Recovery Ranch (Excerpt From Memoir) Read Count : 3

Category : Books-Non-Fiction

Sub Category : Biography

December 2009



     "Here she comes…" I hear one of the two say as they wait for me as I struggle with my boots. It's the guy I’d seen in the upstairs window I thought was a girl when I  first arrived. I'll tell him about that later to get him back for calling me, "She.

     My left foot is half a size bigger than my right. Unfortunately, stores don't sell shoes individually, so I had to cram my size eleven and a half foot into a size eleven boot. Once I break my finger-shoehorn, I have to swallow my pride as this kid refers to me as a "she." I'm still clueless about who's who, and can't remember most of their names. They lead me across a a narrow path between the snow leading toward a rusted, red gate on the side of the house. . 

     The house sits on the edge of a giant hill one could call a cliff. The property line surrounds a large piece of land, including the cliff and land below. The red gate runs all the way around this part of the property. I still don't know what we're doing. Federline swings the gate open while I wait for him to turn towards me, saying, "Welcome… to Jurassic Park."

    Instead, I'm disappointed when he tells me, "C’mon."

    The one leading us is Federline I come to find out: also the one who had an insult coming from me. He has on the same a baby blue New Era hat with the sticker still on the tilted bill—every jock wore these hats like this in middle school and it's now popular in the hip-hop scene. His hat matches his t-shirt and faded, baggy jeans. None of his attire takes away from his tiny diamond studded earrings he probably bought at Claire’s. There's my insult, just have to wait for the right time. 

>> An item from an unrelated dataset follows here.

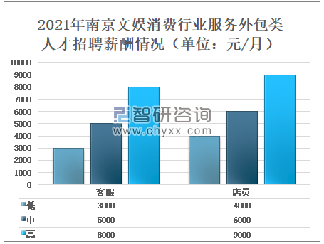 从南京文娱消费行业服务外包类人才招聘薪酬来看,店员的最高薪酬9000元/月,最低薪酬4000元/月;客服的最高薪酬8000元/月,最低薪酬3000元/月。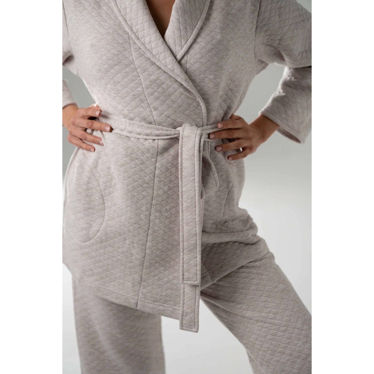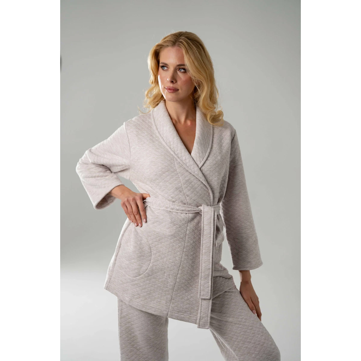 Домашній костюм з м'якого капітонію подарує тепло та комфорт у прохолодні дні. У комплект входять кардиган на запах із поясом та штани прямого крою. Щільна тришарова тканина приємна до тіла, добре зберігає форму та тепло. Ідеальний вибір для домашніх вечорів, відпочинку або повільних ранкових годин. Лаконічний дизайн та нейтральний колір легко комбінуються з іншими елементами гардеробу.

     The other one is Sonny. We spoke briefly last night in the van about Ableton, a music making computer software, that he said he could teach me. I was only familiar with other similar products, but never learned Ableton, which Brianna also knew. 

     She had come over one day as I had just finished downloading the software and was playing around with it. I fell in love with her that day, after she told me to "Get up."

     In less than a minute, she had two songs playing together simultaneously at the same tempo, the right key, and in the same eight-bar time signature. In most cases, it was me who showed someone up in music, but this was not one of those cases. 

     "Er… I love you?" I said. 

     She laughed, still looking at the screen, then said, "I'll show you how it's done."

     "Sounds good."

     That never happened, though. 



            *  *  *  *

     Brody and Jimmy walk me back and forth, trekking across the lengthy snow-covered property. It reminded me of walking across long fields at summer camp, which this place could be if there was a sun. The two guys show me everything that needs to be done every time I feed the animals, which would be every morning for the next two weeks. 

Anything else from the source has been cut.